If I fall asleep now I’ll have four hours before morning. That’s not bad. I can live on four hours of sleep.
I roll onto my left side. The white walls are so bright that they eerily glow in the blackness of my bedroom. Being pressed up against the cold wall feels good on my skin. My window’s open, yet I’m still sweating. The air is stuffy and feels like it’s closing in on me. The hot heat dries the inside of my nostrils. I just hope I don’t get a nosebleed like I used to as a child. I would have to sleep with a humidifier in my room just because my nose would dry and then bleed through the night. The first time it happened I was scared, but like everything else I got used to it. That was years ago in a far off place. This is now. The sweat makes my sheets moist, and reminds me what it feels like to have pissed the bed. Strands of wet hair stick to my forehead. Get to sleep. Get to sleep.
I roll onto my right side. The crimson lips of my alarm clock whisper three a.m. I close my eyes to ignore the flirtation. I used to be able to sleep, once upon a time. That was before real life happened.
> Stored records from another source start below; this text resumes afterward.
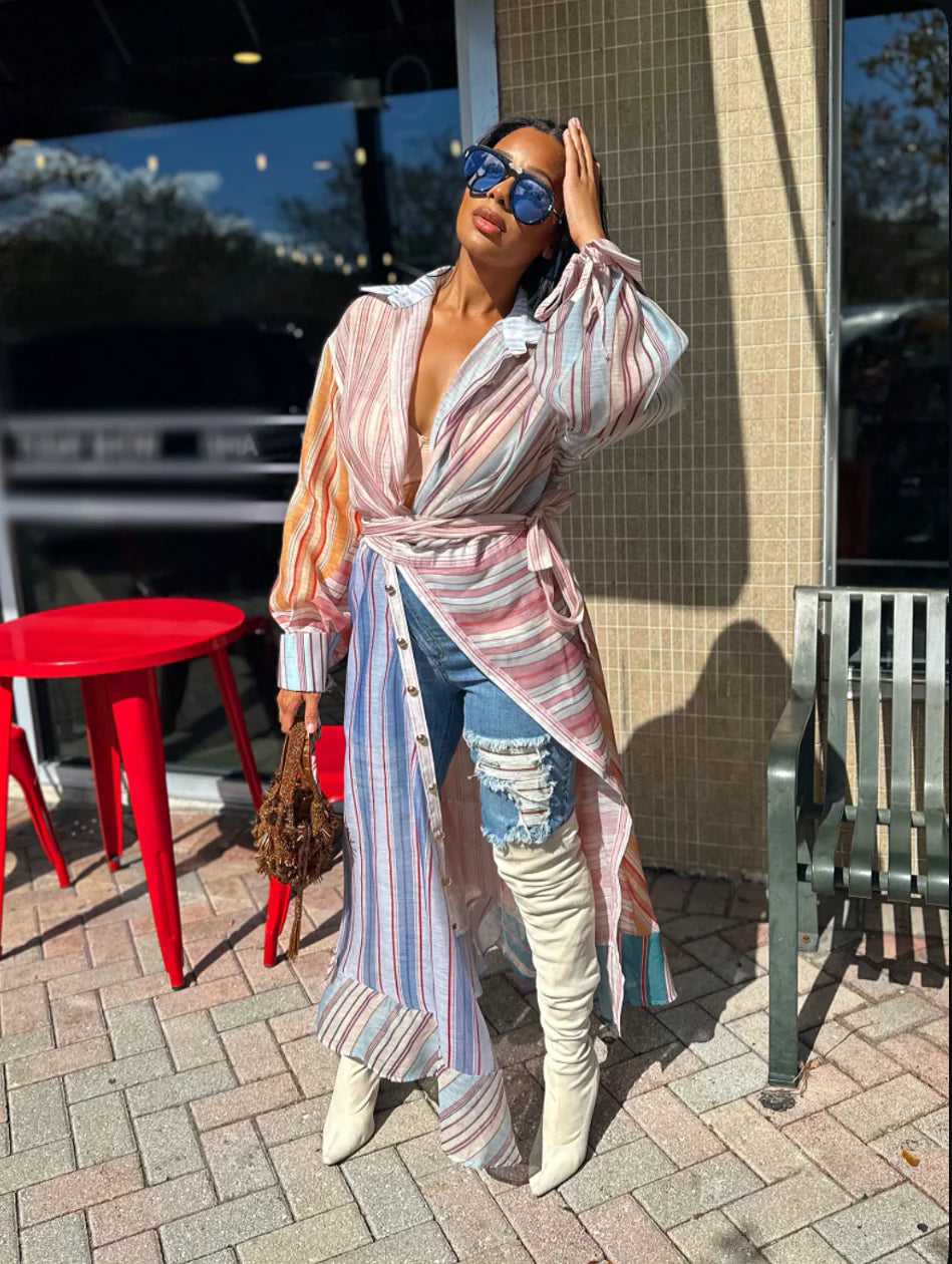 Featuring bold balloon sleeves, luxe gold buttons, and a flattering wrap silhouette, it’s designed to shine on its own or layer effortlessly as a duster.
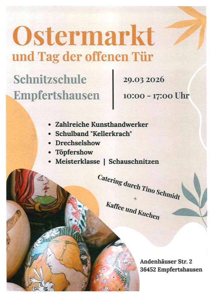 Die Schnitzschule Empfertshausen und der Rhöner Holzbildhauerverein laden alle herzlich zum diesjährigen Ostermarkt mit Tag der offenen Tür ein.
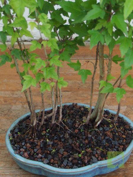 – Trasplante: Cada 2 años, y los árboles muy jóvenes anualmente. Se efectúa justo después de la caída de las hojas o antes de la brotación de las yemas. Durante el trasplante se deben las raíces podridas y eliminar bien toda la tierra vieja. Cuando la base del tronco esté limpia y a la vista, se podan completamente las raíces que nazcan directamente de dicha base. En los sucesivos trasplantes de nuestro arce debemos ir eliminando las raíces que crecen hacia abajo, dejando sólo las que crecen en horizontal, conseguiremos de esta forma una interesante base de raíces. Tras la poda de raíces está débil, por lo que no le conviene sufrir heladas. Por este motivo, se recomienda hacerlo a finales de invierno o principios de primavera.
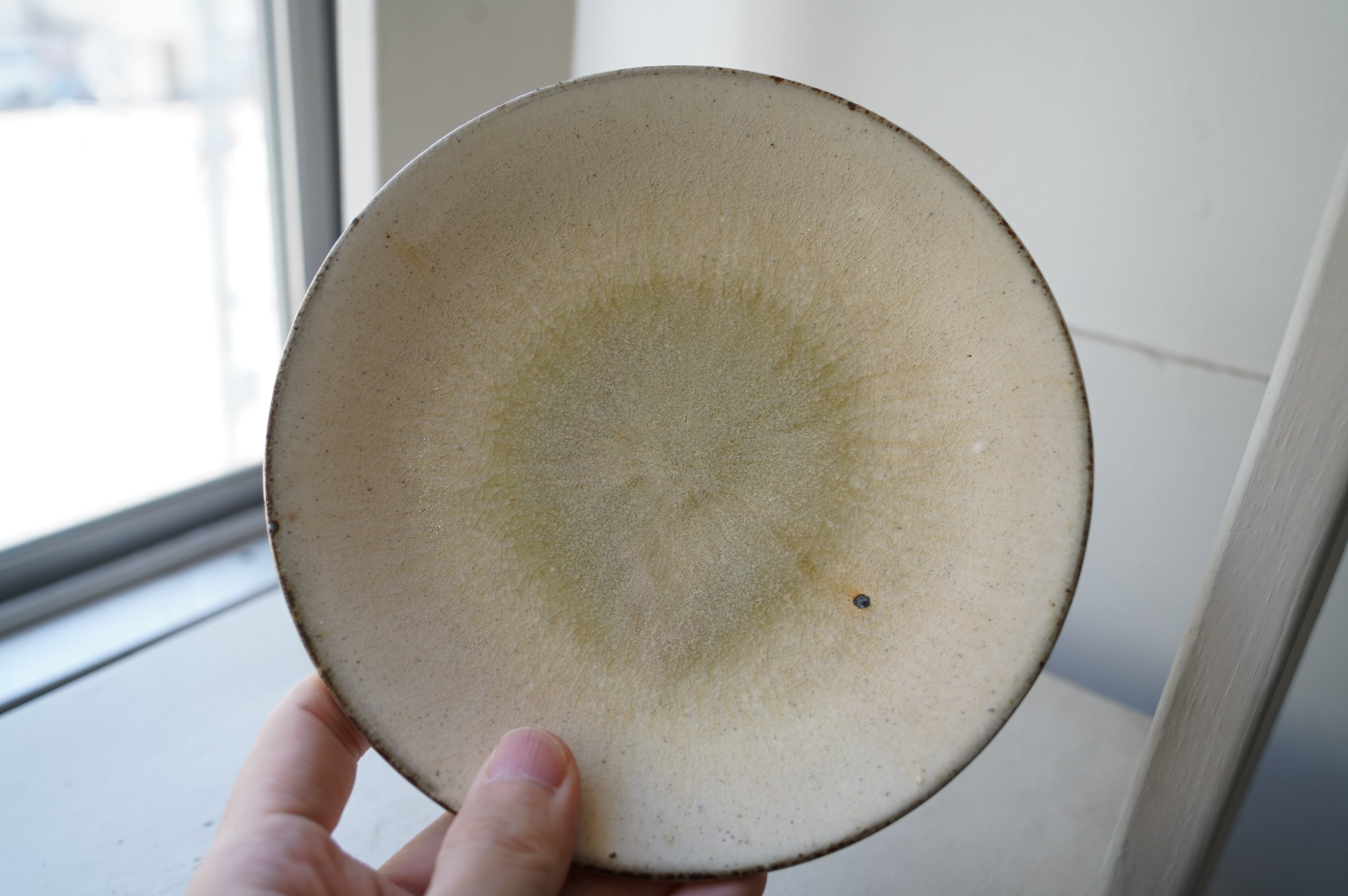 最後に彼が薪ストーブで燃やした薪の灰を調合した釉薬をかけ本焼きしています。
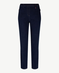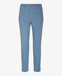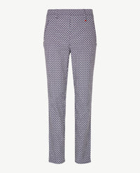 Damesbroek met elastiek rondom in een fijne, wat lichtere zomer kwaliteit met veel katoen in een licht dessin. Sportief model door de 7/8 lengte, van Toni en nieuw binnen de Alice serie. Dit model heeft een brede aangezette, gladde tailleband rondom met riemlussen. Ingezette stukken aan de zijkant, dat kleedt extra af. Twee zakken met ritsjes aan de voorkant en geen zakken op de achterkant. Zeer comfortabel.
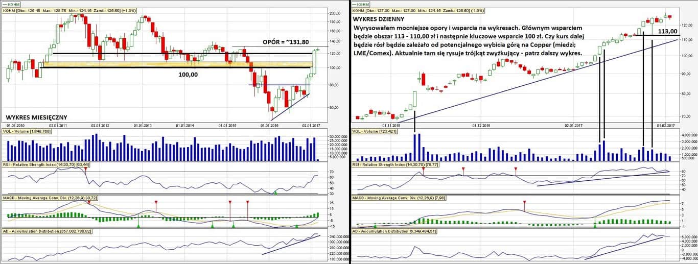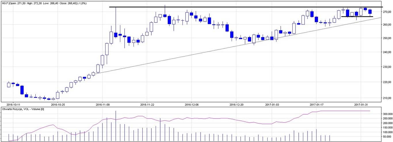 2. Analiza miedzi (przedstawiam tworzący się trójkąt zwyżkujący, którego przebicie będzie kluczowe dla dalszych wzrostów na KGHM):
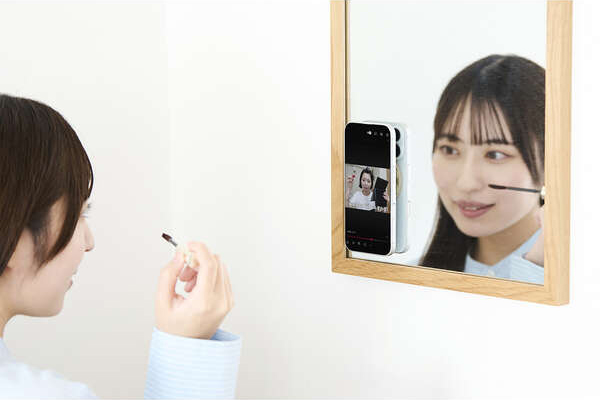 鏡に貼り付ければ、メイク中の画面チェックもスムーズに行えます。
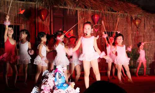 Đây là một trong nhiều tiết mục của các em nhỏ trong chương trình "Vui tết Trung thu" do chùa Tạo Phúc Thọ (xã Phù Lỗ, huyện Sóc Sơn, TP. Hà Nội) và Đoàn TN Học viện Cảnh sát nhân dân phối hợp tổ chức (tối 15/9).

That was before I got stuck in a room of waking dreams, debt, family, friends, my past, the future, life. One by one each worry tries to coax me awake. Each thought of something that I can’t seem to get out of my head creeps back. The sandman is a sick man. Does he not know what happens when he misses a person?
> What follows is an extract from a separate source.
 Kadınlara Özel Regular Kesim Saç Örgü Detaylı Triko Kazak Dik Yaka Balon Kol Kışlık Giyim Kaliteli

I roll onto my back. The roof is daunting, I can’t see it, but I know it’s there hanging above me. When I look up out my peripherals I see the white walls around me slowly closing in. If I don’t keep my eye on them I feel they’ll completely enclose me. My mind goes blank, nothing but blackness. I’m not thinking. I’m breathing. In. Out. In. Out. In. Out. I’m not thinking. My mind is empty. I’m not thinking.
I roll onto my left side. The presence of the cool wall is comforting. It’s there to watch over me. It’s there to keep me safe. The thin sheet I have over my body is soaked. Maybe I did piss the bed. Maybe this is a dream, a really bad dream, a dream that I have every night. Maybe I’m not really awake, I’m just dreaming I am.
I roll onto my right side.
If I fall asleep now I’ll have three hours and fifty-five minutes before morning.